====== RECORDED INFORMATION ======
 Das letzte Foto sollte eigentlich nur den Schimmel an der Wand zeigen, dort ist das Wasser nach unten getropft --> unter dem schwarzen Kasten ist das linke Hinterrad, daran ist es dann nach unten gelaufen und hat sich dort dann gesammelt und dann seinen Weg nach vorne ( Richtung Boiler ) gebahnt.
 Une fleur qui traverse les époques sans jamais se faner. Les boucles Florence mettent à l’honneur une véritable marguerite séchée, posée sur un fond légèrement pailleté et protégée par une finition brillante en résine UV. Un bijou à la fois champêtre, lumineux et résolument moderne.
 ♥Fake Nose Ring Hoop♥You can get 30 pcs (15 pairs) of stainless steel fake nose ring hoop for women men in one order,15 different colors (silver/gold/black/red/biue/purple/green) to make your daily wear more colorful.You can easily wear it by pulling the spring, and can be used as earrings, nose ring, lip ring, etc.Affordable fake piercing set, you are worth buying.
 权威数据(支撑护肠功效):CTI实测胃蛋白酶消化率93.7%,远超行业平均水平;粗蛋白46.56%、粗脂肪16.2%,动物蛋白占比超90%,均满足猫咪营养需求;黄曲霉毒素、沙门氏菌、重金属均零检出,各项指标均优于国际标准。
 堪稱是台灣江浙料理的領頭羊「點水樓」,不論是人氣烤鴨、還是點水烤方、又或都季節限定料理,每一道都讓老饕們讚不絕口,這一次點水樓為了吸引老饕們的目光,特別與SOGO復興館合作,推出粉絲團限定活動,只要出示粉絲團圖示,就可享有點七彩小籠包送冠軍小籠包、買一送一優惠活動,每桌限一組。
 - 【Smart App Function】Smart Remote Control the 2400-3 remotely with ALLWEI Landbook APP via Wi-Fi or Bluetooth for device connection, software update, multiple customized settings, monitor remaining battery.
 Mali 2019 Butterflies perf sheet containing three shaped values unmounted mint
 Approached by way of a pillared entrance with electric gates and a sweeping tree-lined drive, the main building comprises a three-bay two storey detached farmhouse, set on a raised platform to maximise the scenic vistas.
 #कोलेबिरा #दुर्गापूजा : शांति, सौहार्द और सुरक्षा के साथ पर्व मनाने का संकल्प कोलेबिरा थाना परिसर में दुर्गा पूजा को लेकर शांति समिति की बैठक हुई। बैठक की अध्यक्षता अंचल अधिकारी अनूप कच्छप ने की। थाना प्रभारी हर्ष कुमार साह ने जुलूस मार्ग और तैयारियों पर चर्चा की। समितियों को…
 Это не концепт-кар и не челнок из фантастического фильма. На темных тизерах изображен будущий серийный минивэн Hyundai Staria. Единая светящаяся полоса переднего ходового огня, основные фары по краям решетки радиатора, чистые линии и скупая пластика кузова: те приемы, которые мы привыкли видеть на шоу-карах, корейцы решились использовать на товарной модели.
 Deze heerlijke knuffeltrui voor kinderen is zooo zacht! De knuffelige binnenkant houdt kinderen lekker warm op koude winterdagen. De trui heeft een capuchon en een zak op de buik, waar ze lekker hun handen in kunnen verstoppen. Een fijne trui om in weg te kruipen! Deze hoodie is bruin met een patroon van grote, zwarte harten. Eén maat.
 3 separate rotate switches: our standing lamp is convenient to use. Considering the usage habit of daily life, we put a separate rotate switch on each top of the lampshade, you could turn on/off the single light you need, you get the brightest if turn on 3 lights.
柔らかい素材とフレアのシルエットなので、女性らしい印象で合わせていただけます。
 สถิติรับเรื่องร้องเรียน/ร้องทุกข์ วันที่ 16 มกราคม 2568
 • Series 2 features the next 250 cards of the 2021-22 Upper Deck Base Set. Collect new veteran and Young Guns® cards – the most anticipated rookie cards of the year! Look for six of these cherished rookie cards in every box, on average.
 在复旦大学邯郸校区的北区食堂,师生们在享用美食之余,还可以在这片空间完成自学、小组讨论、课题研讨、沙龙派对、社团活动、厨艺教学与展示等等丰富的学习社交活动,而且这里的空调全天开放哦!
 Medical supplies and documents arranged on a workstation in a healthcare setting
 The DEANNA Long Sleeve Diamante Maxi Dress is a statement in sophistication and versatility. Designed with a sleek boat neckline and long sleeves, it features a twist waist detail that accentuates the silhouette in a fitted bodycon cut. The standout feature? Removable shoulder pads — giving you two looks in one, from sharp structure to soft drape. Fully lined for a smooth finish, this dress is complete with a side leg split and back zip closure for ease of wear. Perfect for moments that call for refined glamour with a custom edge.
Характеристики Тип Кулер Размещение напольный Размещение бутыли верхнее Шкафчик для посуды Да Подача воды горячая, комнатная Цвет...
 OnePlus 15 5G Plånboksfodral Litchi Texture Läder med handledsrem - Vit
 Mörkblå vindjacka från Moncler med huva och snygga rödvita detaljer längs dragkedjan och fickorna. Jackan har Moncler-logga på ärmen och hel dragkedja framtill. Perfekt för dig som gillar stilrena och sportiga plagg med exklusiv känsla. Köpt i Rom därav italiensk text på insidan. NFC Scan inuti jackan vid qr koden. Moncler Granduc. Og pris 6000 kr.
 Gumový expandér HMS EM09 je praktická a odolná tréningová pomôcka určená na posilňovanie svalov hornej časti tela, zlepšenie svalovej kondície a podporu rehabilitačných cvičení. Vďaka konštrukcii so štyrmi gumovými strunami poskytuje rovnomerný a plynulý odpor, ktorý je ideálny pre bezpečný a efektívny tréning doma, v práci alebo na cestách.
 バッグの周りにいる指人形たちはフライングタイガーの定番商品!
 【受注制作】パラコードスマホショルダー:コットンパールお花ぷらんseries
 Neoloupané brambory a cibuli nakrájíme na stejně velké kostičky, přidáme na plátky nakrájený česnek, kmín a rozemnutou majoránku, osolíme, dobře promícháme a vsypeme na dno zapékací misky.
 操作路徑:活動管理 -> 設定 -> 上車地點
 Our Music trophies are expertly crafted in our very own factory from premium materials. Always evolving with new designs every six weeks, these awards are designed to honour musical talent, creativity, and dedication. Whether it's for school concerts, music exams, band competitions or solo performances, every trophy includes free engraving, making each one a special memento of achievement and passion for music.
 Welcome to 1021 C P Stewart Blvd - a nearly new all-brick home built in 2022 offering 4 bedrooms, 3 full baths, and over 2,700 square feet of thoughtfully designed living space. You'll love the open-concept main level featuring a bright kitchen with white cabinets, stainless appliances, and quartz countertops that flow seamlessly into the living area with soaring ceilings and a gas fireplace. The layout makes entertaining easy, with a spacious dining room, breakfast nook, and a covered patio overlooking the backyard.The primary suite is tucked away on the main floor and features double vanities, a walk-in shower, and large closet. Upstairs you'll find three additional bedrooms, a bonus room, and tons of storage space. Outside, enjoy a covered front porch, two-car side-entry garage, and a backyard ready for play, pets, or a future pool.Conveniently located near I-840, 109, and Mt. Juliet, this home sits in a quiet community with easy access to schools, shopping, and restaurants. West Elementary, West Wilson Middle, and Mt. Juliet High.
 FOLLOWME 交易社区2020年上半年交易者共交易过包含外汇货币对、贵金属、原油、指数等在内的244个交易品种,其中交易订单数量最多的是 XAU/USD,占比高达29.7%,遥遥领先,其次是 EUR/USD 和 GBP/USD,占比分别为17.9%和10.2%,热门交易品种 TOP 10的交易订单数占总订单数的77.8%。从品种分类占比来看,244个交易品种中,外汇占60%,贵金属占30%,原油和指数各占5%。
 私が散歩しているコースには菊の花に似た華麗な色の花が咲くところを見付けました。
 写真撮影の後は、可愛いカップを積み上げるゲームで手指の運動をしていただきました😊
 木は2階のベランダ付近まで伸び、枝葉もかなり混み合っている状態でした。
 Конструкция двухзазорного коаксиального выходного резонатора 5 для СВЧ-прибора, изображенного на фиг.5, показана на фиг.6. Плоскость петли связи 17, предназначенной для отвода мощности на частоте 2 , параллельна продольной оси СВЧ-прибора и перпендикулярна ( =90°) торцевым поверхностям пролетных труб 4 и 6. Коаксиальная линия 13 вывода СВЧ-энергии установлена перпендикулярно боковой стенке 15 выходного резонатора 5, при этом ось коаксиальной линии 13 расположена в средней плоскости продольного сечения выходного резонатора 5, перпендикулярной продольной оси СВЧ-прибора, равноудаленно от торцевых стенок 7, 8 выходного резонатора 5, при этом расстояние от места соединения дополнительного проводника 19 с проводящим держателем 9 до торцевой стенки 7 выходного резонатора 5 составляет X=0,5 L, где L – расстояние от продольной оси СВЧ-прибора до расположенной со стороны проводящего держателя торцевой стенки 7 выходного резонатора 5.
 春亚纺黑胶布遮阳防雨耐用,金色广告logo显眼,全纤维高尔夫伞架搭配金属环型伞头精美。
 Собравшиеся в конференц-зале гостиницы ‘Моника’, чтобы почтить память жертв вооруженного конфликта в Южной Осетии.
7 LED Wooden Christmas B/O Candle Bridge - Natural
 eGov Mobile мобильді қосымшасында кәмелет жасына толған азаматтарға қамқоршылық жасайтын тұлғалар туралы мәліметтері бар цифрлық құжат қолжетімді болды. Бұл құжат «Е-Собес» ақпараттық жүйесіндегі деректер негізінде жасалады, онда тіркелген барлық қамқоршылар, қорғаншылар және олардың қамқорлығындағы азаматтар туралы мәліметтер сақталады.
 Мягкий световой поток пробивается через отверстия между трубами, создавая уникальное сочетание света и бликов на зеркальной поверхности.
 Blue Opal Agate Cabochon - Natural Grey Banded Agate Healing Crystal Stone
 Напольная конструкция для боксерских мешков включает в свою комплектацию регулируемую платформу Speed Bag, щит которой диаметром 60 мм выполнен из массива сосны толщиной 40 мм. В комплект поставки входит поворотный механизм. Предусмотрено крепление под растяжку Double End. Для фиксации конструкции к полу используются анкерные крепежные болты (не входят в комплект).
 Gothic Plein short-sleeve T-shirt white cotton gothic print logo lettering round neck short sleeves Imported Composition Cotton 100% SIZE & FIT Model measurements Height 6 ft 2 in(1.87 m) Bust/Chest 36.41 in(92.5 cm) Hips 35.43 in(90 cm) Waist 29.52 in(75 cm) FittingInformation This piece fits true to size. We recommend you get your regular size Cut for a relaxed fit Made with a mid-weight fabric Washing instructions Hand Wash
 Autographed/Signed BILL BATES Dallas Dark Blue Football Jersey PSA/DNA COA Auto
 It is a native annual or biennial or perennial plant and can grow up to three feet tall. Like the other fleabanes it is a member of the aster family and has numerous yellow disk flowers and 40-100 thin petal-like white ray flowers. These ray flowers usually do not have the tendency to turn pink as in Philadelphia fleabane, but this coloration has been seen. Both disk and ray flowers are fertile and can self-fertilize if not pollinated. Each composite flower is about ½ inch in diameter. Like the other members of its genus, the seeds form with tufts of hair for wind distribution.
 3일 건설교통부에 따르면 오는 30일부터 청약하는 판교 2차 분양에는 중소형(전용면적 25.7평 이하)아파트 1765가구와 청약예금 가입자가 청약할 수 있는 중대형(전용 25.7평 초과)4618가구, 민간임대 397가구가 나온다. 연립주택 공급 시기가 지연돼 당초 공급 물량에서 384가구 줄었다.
======
■ WORK ORDER: Exact duplication is required for the lines above, from the line that contains "权威数据(支撑护肠功效):C" to the line that contains "Approached by way", inclusive; omit all others.

■ EXERCISE OUTPUT:
 权威数据(支撑护肠功效):CTI实测胃蛋白酶消化率93.7%,远超行业平均水平;粗蛋白46.56%、粗脂肪16.2%,动物蛋白占比超90%,均满足猫咪营养需求;黄曲霉毒素、沙门氏菌、重金属均零检出,各项指标均优于国际标准。
 堪稱是台灣江浙料理的領頭羊「點水樓」,不論是人氣烤鴨、還是點水烤方、又或都季節限定料理,每一道都讓老饕們讚不絕口,這一次點水樓為了吸引老饕們的目光,特別與SOGO復興館合作,推出粉絲團限定活動,只要出示粉絲團圖示,就可享有點七彩小籠包送冠軍小籠包、買一送一優惠活動,每桌限一組。
 - 【Smart App Function】Smart Remote Control the 2400-3 remotely with ALLWEI Landbook APP via Wi-Fi or Bluetooth for device connection, software update, multiple customized settings, monitor remaining battery.
 Mali 2019 Butterflies perf sheet containing three shaped values unmounted mint
 Approached by way of a pillared entrance with electric gates and a sweeping tree-lined drive, the main building comprises a three-bay two storey detached farmhouse, set on a raised platform to maximise the scenic vistas.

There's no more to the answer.